I am trying to scrape some rows of player data (tr) from a url, however nothing appears to happen when I run my code. I am positive my code is fine because it works with other statistical websites containing tables. Can anyone tell me why nothing is happening? Thanks in advance.
import urllib
import urllib.request
from bs4 import BeautifulSoup
def make_soup(url):
thepage = urllib.request.urlopen(url)
soupdata = BeautifulSoup(thepage, "html.parser")
return soupdata
soup = make_soup("https://www.whoscored.com/Regions/252/Tournaments/7/Seasons/6365/Stages/13832/PlayerStatistics/England-Championship-2016-2017")

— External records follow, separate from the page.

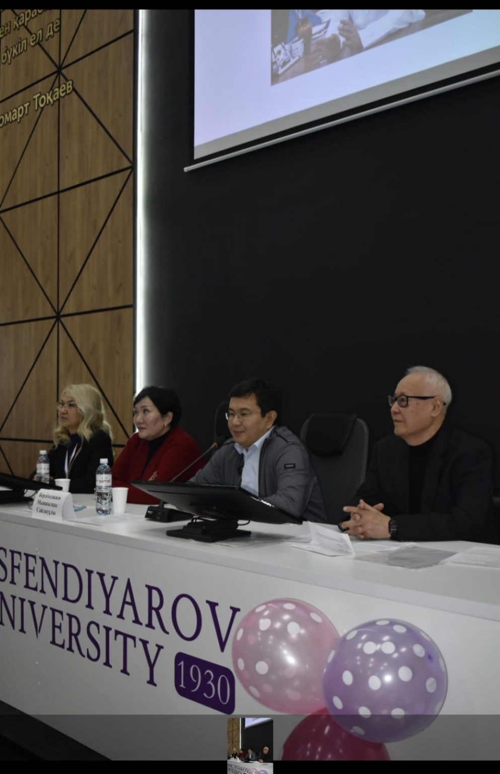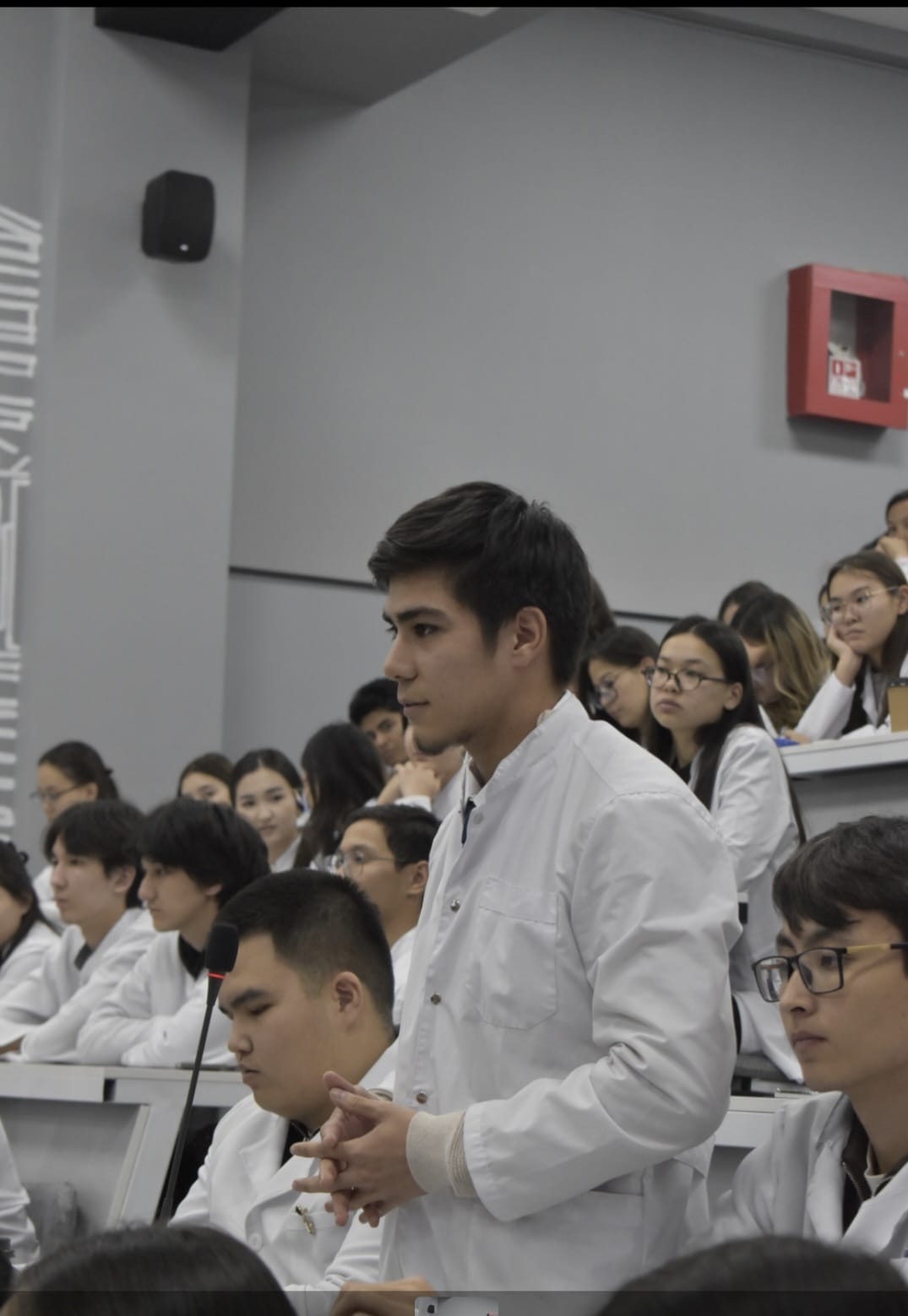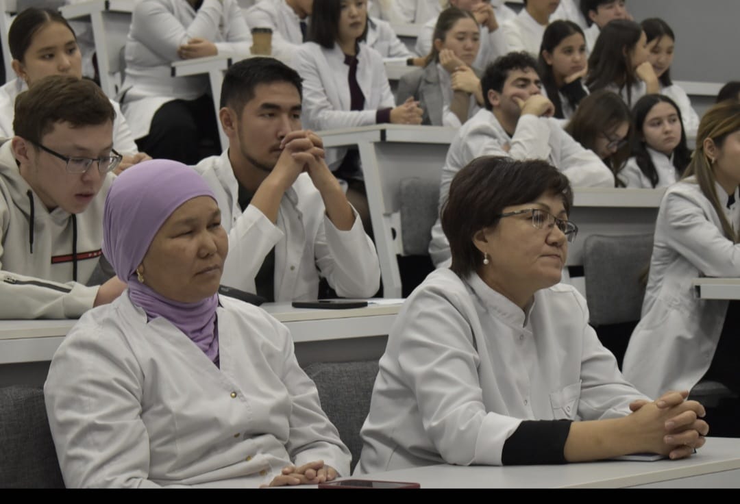 7 октября 2025 года в 7-й аудитории учебного корпуса №7 по инициативе кафедры нормальной анатомии имени С.Р. Карынбаева, в частности, заведующей кафедрой Ахмад Н.С., Досаева Т.М., Кенбаевой С.Р., Абиыровой Н.Б., Искаковой Л.А., Искиндировой А.М., Охановой М.И., Уважановой А.С., Абиловой А.А., Куатбековой А.К., в соответствии с утвержденным планом воспитательной работы была организована мотивационная встреча с известным нейрохирургом, магистром общественного здравоохранения, вице-президентом Национальной медицинской ассоциации Бердиходжаевым Мынжылкы Сайлаулы. Формат встречи был представлен в виде подкаста. Главная цель мероприятия- познакомить студентов с личностью, добившейся успеха в области медицины и проложить путь к становлению личности из числа сильных профессионалов.
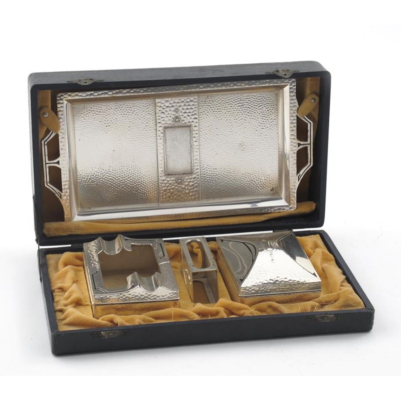 A continental Secessionist electroplated metal smokers set, hammered finish with black enamelled detailing, comprising twin-handled tray, ashtray with glass liner, cigarette box and cover and match box cover, in fitted retailers case cast yacht mark to the tray tray 23.5cm. wide
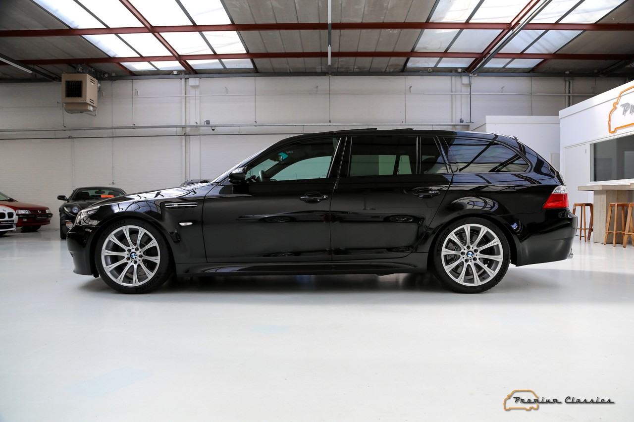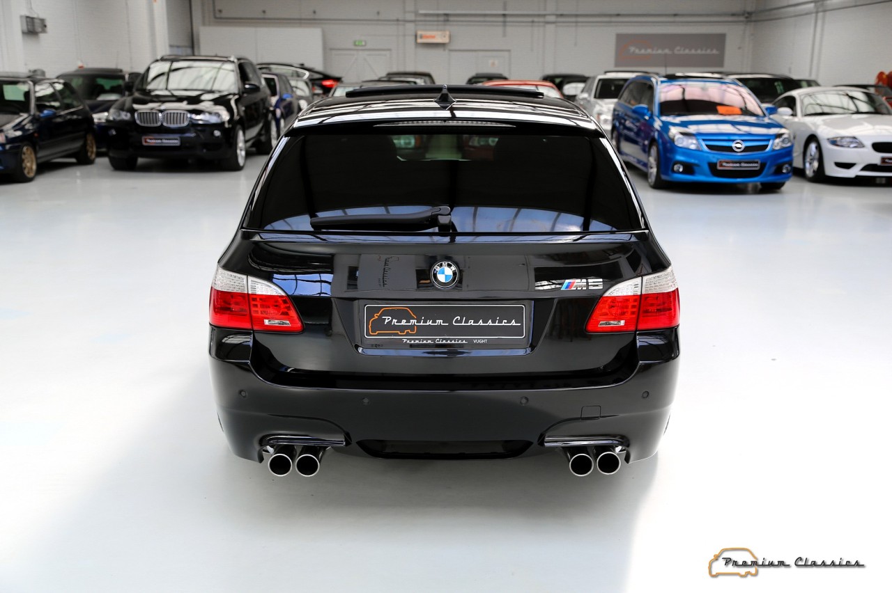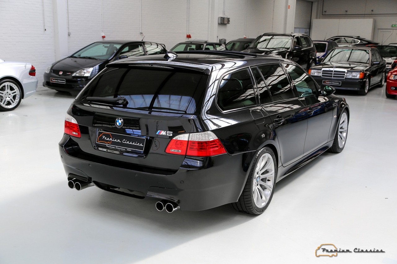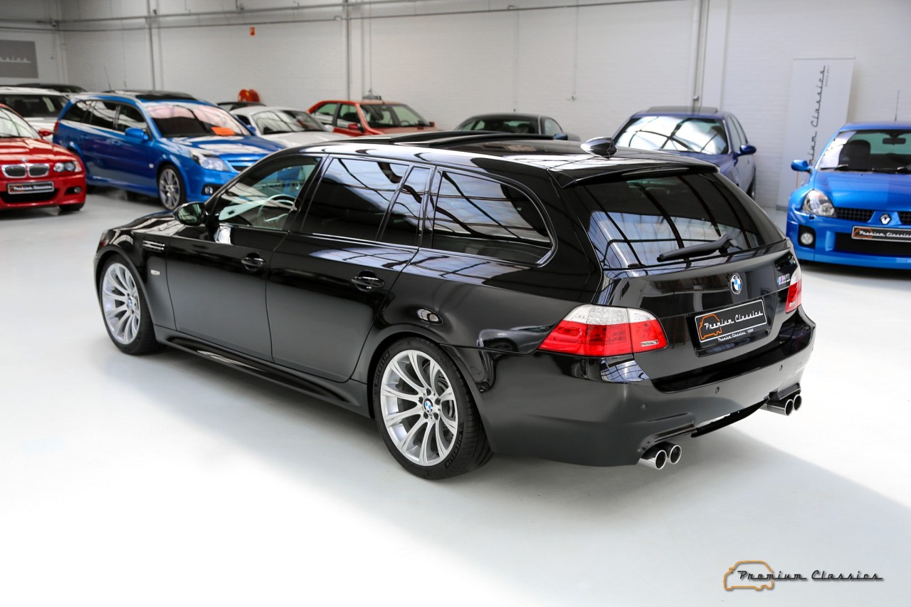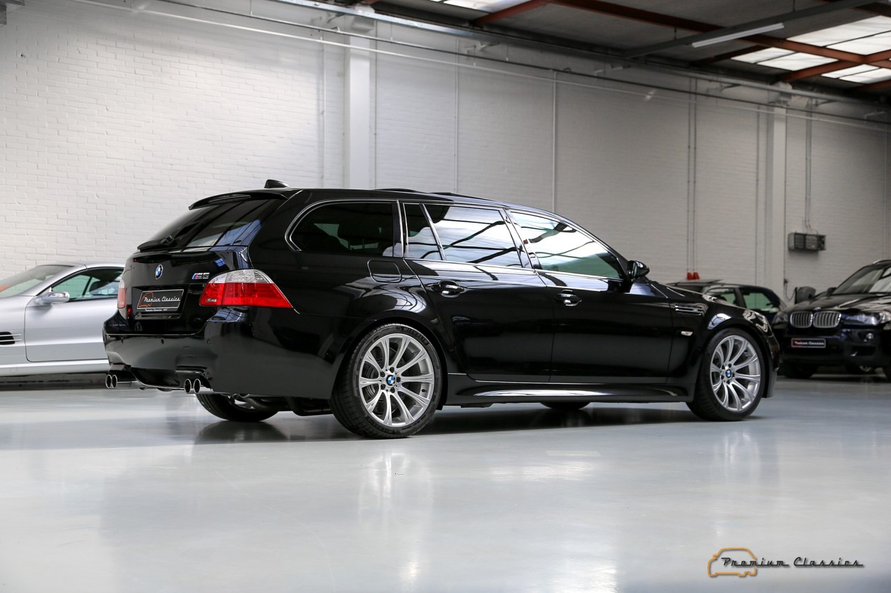 El propulsor era unidad de aspiración natural inspirado en la Fórmula 1. Asociado a un cambio automático SMG III y a un sistema de propulsión trasera, el último de los M5 familiares pasaba de 0 a 100 km/h en 4,8 segundos y podía alcanzar una velocidad máxima de 320 km/h, aunque su velocidad se limitó electrónicamente a 250 km/h. Además, seguía siendo un vehículo familiar de segmento E, con espacio para cinco pasajeros y un maletero de 500 litros.
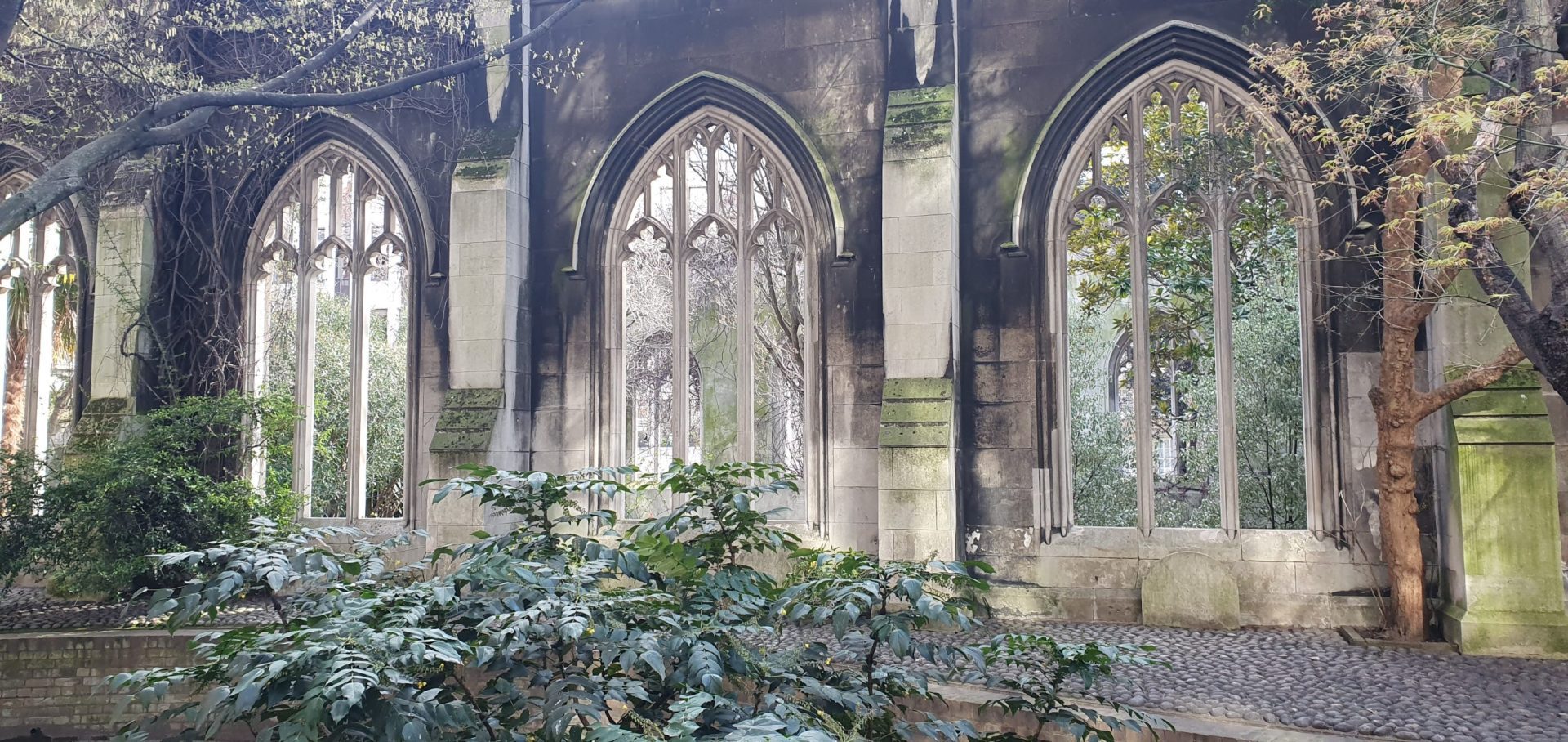 St Dunstan in the East Church Garden, un lugar no tan conocido o al menos para nosotros y verdaderamente único muy cerca del Sky Garden de camino hacia la Torre de Londres. La iglesia sufrió graves daños en el bombardeo de 1941, en la Segunda Guerra Mundial y se decidió no reconstruir St Dunstan. En 1967, la ciudad de Londres decidió convertir los restos en un jardín público, que se inauguró en 1971, un lugar que seguro os sorprenderá.
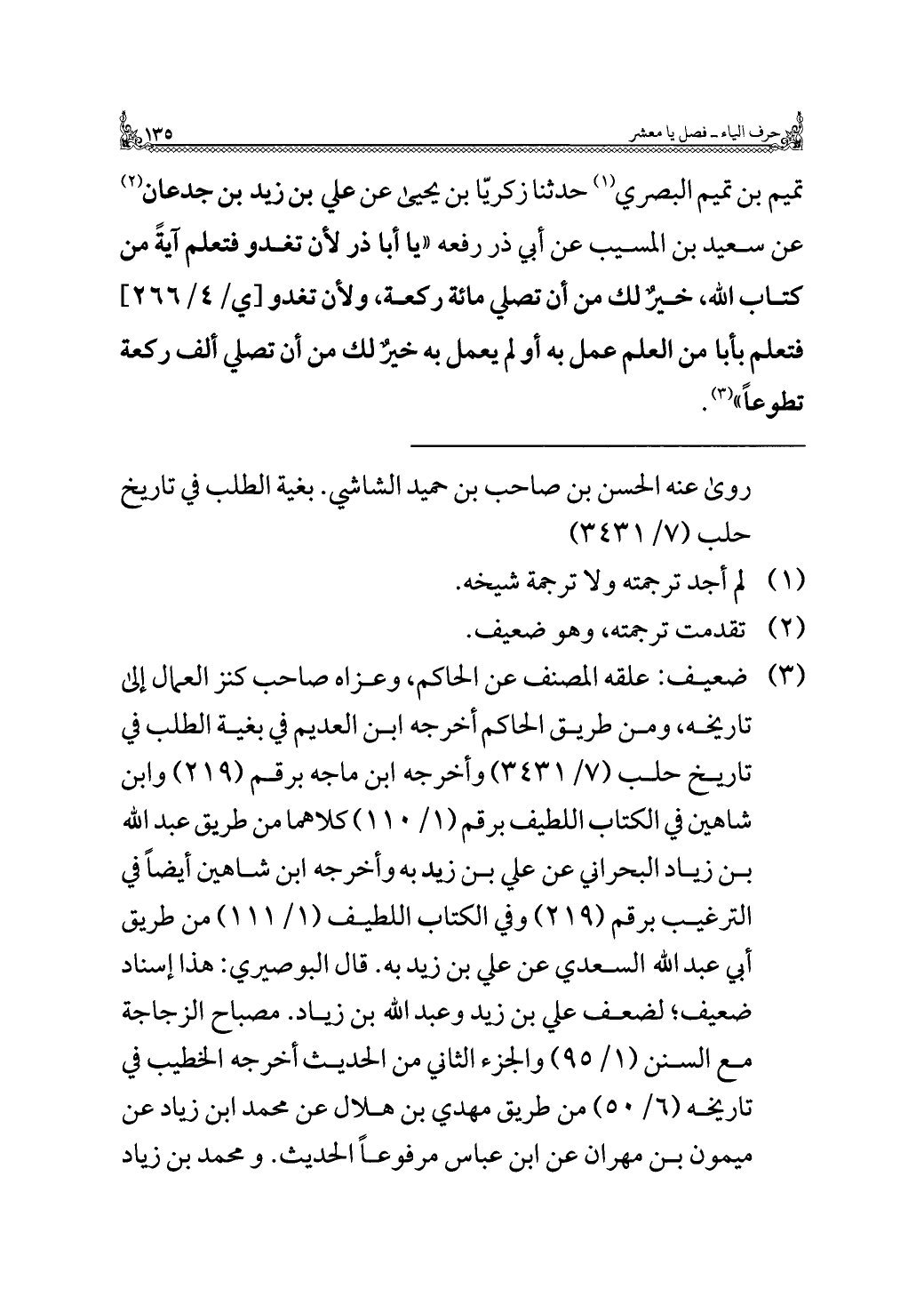 تميم بن تميم البصري (¬١) حدثنا زكريّا بن يحيى عن علي بن زيد بن جدعان (¬٢) عن سعيد بن المسيب عن أبي ذر رفعه "يا أبا ذر لأن تغدو فتعلم آيةً من كتاب الله، خيرٌ لك من أن تصلي مائة ركلعة، ولأن تغدو فتعلم بابا من العلم عمل به أو لم يعمل به خيرٌ لك من أن تصلي ألف ركعة تطوعًا" (¬٣).

for record in soup.findAll('tr'):
print(record.text)
It happens because the website doesn't want you to scrape it.
It's using Incapsula which is a security service ( they even have some information about scraping over their website ) -check it out, its interesting-
this page use javascript to fetch data, you can find raw data in this link:
each field of the url can be changed to fetch the data you need.
Short answer: The player data you are looking for is NOT in that URL.
Then you might want to ask why? I've seen them in that page, how come they're not there?
So I'll try to explain what happens when you browse that url with a modern browser such as Chrome.
As you can see every time when you browse a web page, a browser does lots of "behind the scene" stuff to display it for users. So basically: url entered >> content from url fetched >> content parsed >> additional content fetched >> all stuff rendered >> page displayed (one or more steps might be done simultaneously)
And with your codes, it's only "content from url fetched", also those stats you want happens to be "additional content" which has to be loaded from elsewhere, so that's why you got nothing.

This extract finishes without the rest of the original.